Reproduce, from the lines below, exactly the stretch that begins at the line containing "Des de d’aquest" and ends at the line containing "左側にアップした写真一覧があって、右側がページプレビューになります。", both included.

** Supplied data **
== Segment start ==

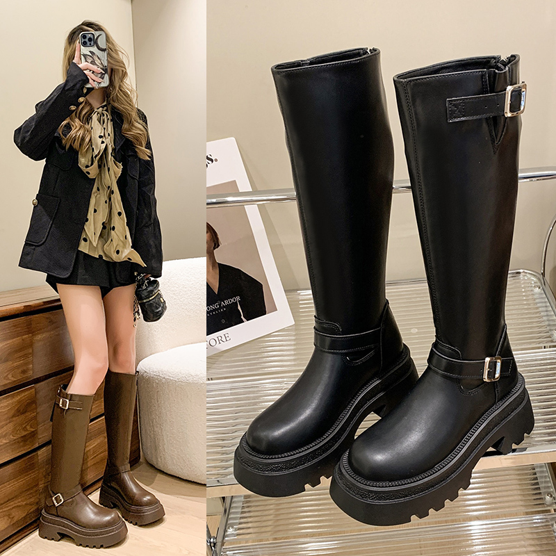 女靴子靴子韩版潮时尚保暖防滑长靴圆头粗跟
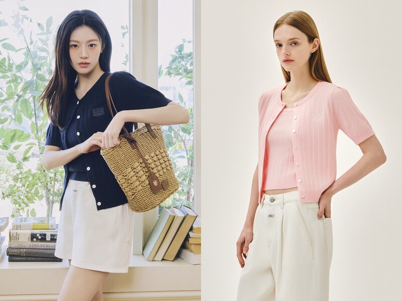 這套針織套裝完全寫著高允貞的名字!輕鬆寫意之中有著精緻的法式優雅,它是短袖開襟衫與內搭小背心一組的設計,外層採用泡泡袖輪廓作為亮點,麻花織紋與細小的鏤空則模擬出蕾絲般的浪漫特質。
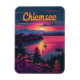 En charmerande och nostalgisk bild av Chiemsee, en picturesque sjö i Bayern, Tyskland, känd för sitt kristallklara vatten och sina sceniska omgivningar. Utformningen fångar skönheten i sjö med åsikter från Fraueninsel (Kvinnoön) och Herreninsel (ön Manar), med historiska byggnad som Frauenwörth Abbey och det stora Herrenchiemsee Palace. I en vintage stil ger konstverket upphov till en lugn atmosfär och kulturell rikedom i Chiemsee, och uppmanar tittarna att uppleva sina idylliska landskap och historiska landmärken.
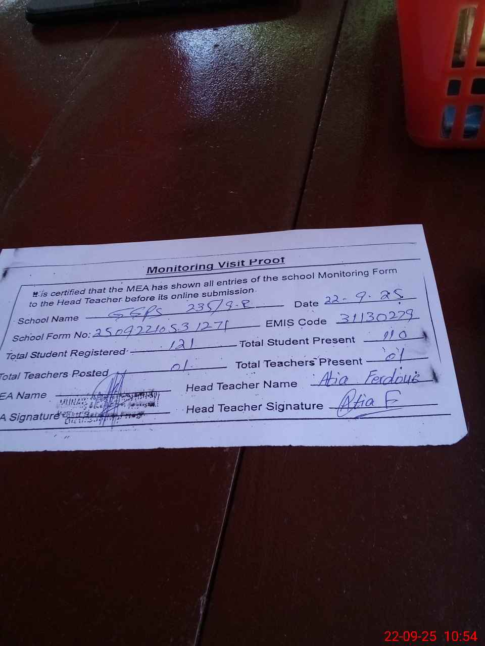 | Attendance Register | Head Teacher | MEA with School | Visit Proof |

== Segment end ==
== Segment start ==

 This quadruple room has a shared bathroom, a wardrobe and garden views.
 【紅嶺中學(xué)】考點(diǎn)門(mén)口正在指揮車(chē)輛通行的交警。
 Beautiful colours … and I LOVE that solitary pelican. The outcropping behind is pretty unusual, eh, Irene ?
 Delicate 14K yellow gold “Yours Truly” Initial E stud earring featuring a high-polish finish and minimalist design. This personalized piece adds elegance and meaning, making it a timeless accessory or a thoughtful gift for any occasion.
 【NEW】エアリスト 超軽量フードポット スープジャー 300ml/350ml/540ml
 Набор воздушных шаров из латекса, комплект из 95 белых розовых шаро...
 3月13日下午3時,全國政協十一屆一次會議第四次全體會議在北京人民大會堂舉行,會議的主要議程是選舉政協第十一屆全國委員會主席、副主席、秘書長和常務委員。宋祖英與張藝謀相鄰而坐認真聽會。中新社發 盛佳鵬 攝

== Segment end ==
== Segment start ==

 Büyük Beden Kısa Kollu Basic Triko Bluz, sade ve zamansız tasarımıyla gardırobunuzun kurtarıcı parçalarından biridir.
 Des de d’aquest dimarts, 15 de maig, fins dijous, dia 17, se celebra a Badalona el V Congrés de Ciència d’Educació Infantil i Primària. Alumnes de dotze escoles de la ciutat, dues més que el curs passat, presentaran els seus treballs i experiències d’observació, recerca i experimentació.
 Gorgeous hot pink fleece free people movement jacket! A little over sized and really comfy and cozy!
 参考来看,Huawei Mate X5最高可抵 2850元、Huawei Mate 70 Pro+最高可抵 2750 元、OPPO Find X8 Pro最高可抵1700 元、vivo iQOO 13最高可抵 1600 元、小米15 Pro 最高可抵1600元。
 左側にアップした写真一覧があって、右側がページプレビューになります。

== Segment end ==

** Completed exercise **
 Des de d’aquest dimarts, 15 de maig, fins dijous, dia 17, se celebra a Badalona el V Congrés de Ciència d’Educació Infantil i Primària. Alumnes de dotze escoles de la ciutat, dues més que el curs passat, presentaran els seus treballs i experiències d’observació, recerca i experimentació.
 Gorgeous hot pink fleece free people movement jacket! A little over sized and really comfy and cozy!
 参考来看,Huawei Mate X5最高可抵 2850元、Huawei Mate 70 Pro+最高可抵 2750 元、OPPO Find X8 Pro最高可抵1700 元、vivo iQOO 13最高可抵 1600 元、小米15 Pro 最高可抵1600元。
 左側にアップした写真一覧があって、右側がページプレビューになります。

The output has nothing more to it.